I thought they were the same, just different names. Let me make question more precise:
Let $G$ be any linear algebraic group over a p-adic field $\mathbb{Q}_p$, is $G$ a p-adic Lie group w.r.t. the analytic topology from $\mathbb{Q}_p$ in the sense of Peter Schneider? If this is the case, Does the Lie algebra from the algebraic group coincide with the Lie algebra from the Lie group?
As far as I can see this is true for real number case.
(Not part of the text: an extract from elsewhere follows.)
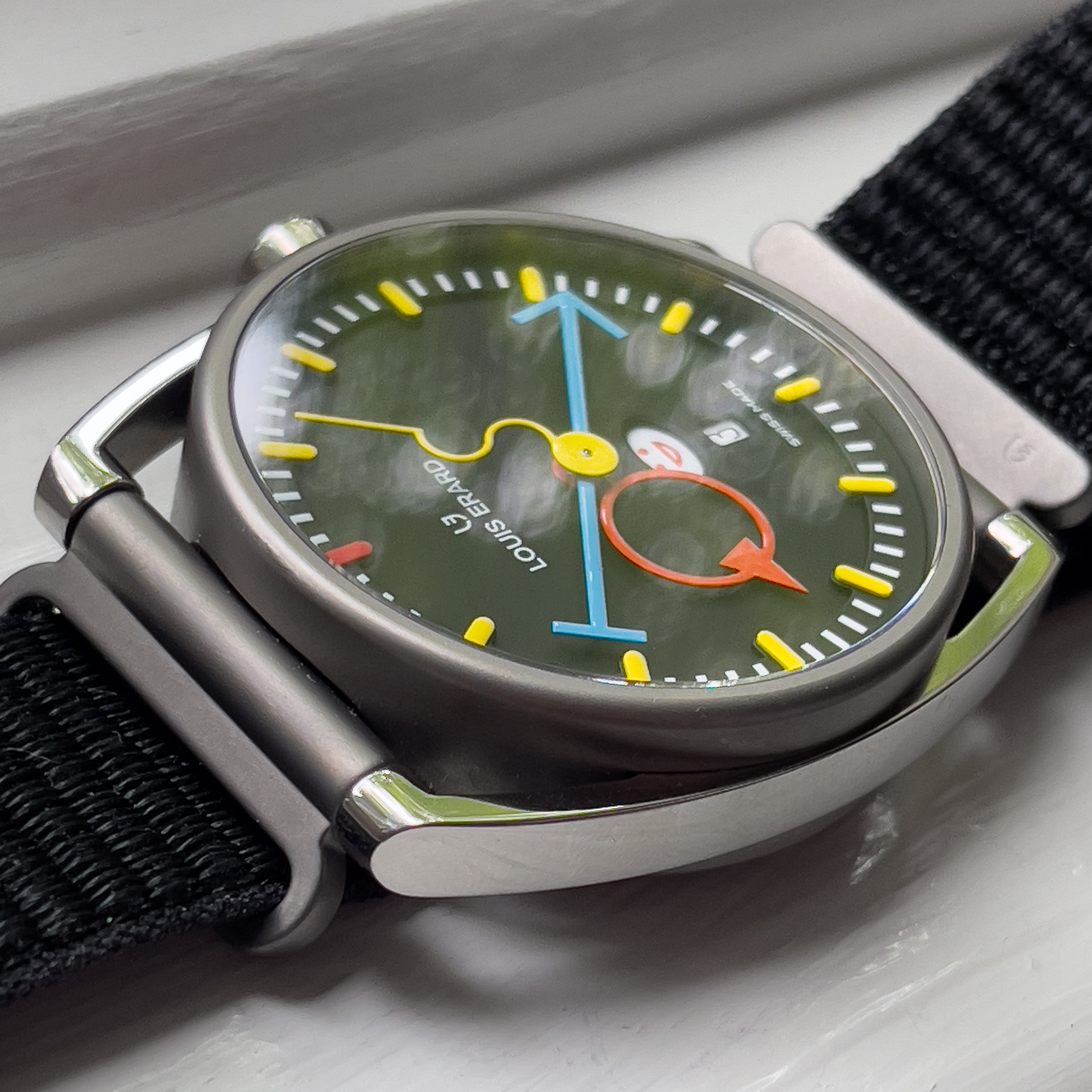 ·Up for sale is the La Semaine, a result of a recent collaboration between Bauhaus-inspired architect and watch designer Alain Silberstein and the manufacturer Louis Erard. The official reference number is: 75357TT02.BTT88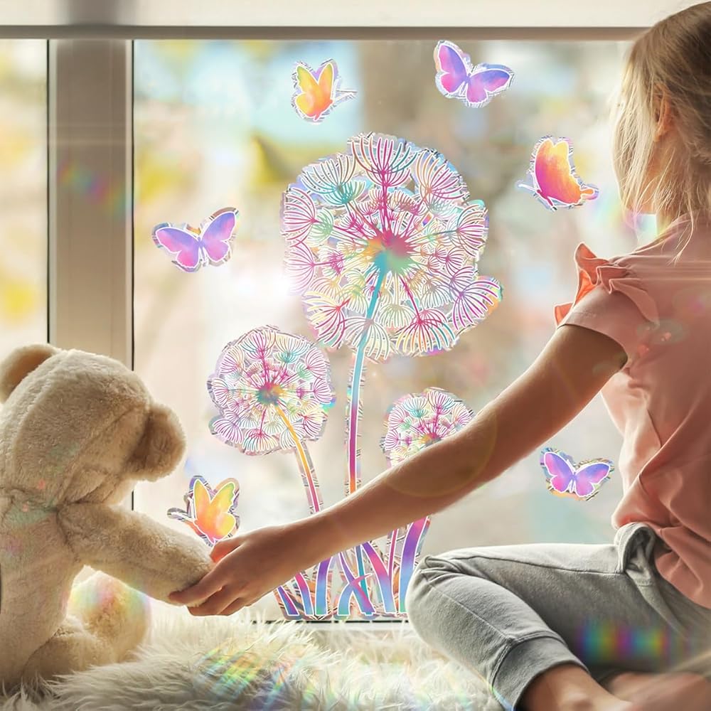 • ✅ 【 انعكاس قوس قزح 】 - استمتع بتجربة مشهد من الألوان حيث يتفاعل ضوء الشمس مع ملصقات نافذة الهندباء الملونة، مما يخلق أنماط قوس قزح ساحرة ترقص عبر غرفتك.

But I'm not familiar with p-adic Lie group theory.
p-Adic Lie Groups: Peter Schneider: http://books.google.de/books?id=bjWU3GF93YQC&printsec=frontcover&dq=p-adic%20lie%20groups&hl=de&sa=X&ei=Ml83UcOILpS-9gSLnICYDA&ved=0CDQQ6AEwAA#v=onepage&q=p-adic%20lie%20groups&f=false
Best Answer
Consider the map $x\mapsto (x,e^x)$ from $p^2{\mathbb Z}_p$ into ${\mathbb Z}_p\times {\mathbb Z}_p^*$, the latter being the ${\mathbb Z}_p$ rational points of the algebraic group ${\mathbb G}_a\times {\mathbb G}_m$. The image of this map is Zariski dense and hence $p^2{\mathbb Z}_p$ is not an algebraic subgroup of the $p$-adic algebraic group ${\mathbb Z}_p\times {\mathbb Z}_p^*$.